Does the oil expert from Alaska have any clue as to how much of Alaskan oil is shipped to foreign countries?

Blogger PurpleGirl said...
I'm waiting for oil to appear in dead, abandoned wells in Pennsylvania and other places, and for coal to re-appear in hollowed out mountains and mountains that have had their tops sheared off to strip mine. (But I'm not holding my breath, in any case.)

Anonymous Anonymous said...
evil,
I'm quite sure that the governor of Alaska knows quite well where Alaskan oil is going. And how much -- to the penny -- they sell it for. It pays the bills there.
When they couldn't sell it "on the market" -- ie, before the export ban was lifted in the late '80s -- Alaskan oil was essentially unsellable. California wouldn't allow it and couldn't process it and it was for too expensive to ship it through the Panama Canal.
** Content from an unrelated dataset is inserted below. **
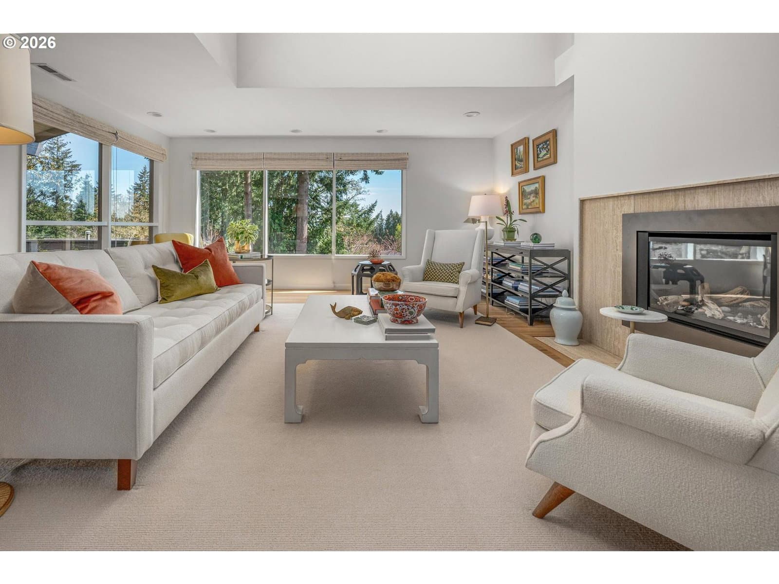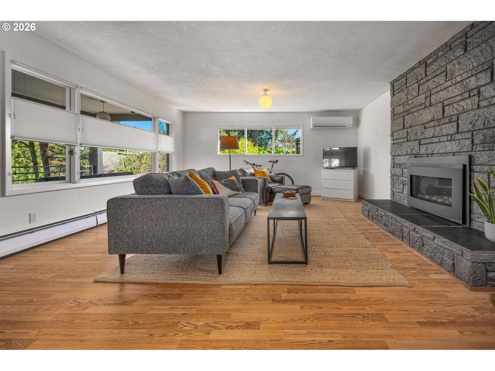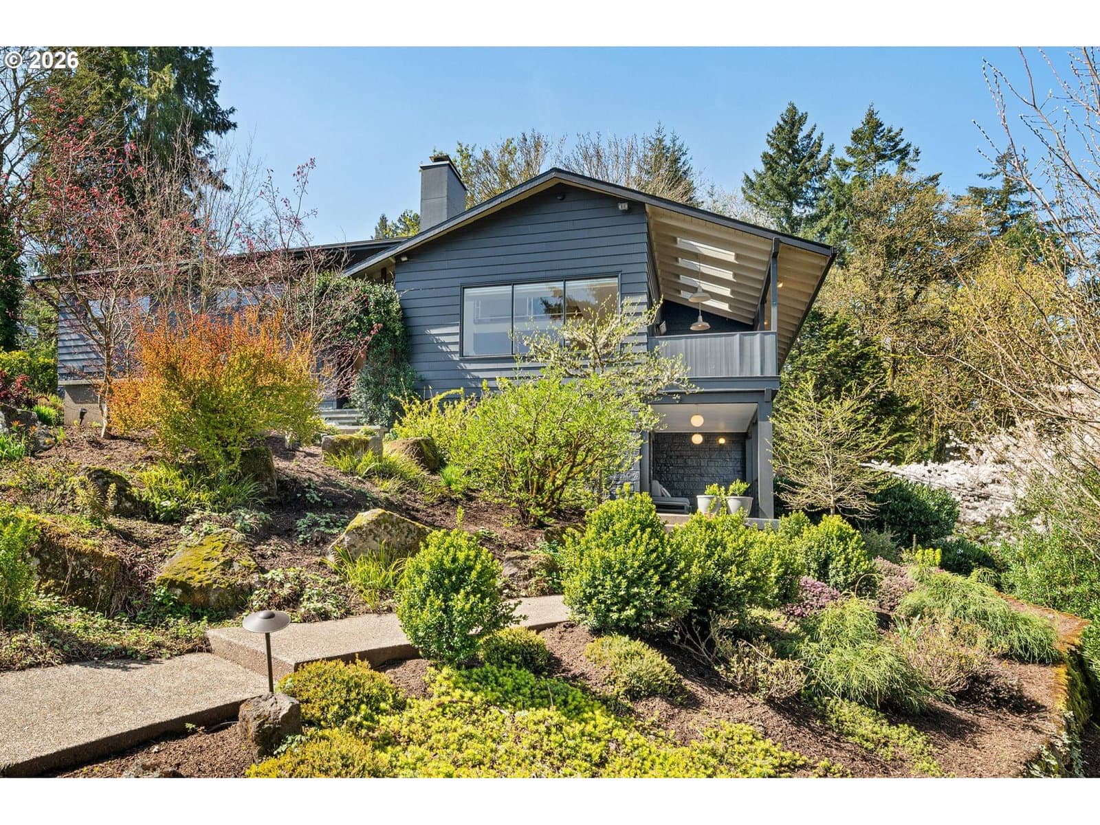 Perched atop its own long, private driveway on an oversized lot, this fully remodeled mid-century home in Portland’s prestigious West Hills offers panoramic Mount Hood views from all three levels. Just minutes to downtown and OHSU—and surrounded by scenic SW Hills hiking trails—this is urban living wrapped in natural beauty and privacy.Inside, light-filled spaces highlight timeless finishes, an open kitchen-living concept, and a spacious lofted family room. The main home features 3 generous bedrooms and 2.5 baths, plus a bonus office or workout room just off the garage. The lower level offers a spacious two-bedroom, one-bath apartment with a private entrance—ideal for guests, extended family, or income potential.Multiple outdoor seating areas and covered patios create seamless indoor-outdoor living, making this one-of-a-kind property a true sanctuary in one of Portland’s most sought-after neighborhoods.

I'm sure Sarah's opinion would be that we need to make the "small states" self-sufficient in petroleum and leave Alaska alone to sell their's to who ever will buy it. Alternatively remember, she was already building a pipeline from Prudhoe to Colorado -- or whereever it was. [Actually, it would have terminated at an existing Canadian pipeline in the Northwest Territory. But we can't have them "furriners" controlling our oil supply! And you never know about those shifty Canadians!]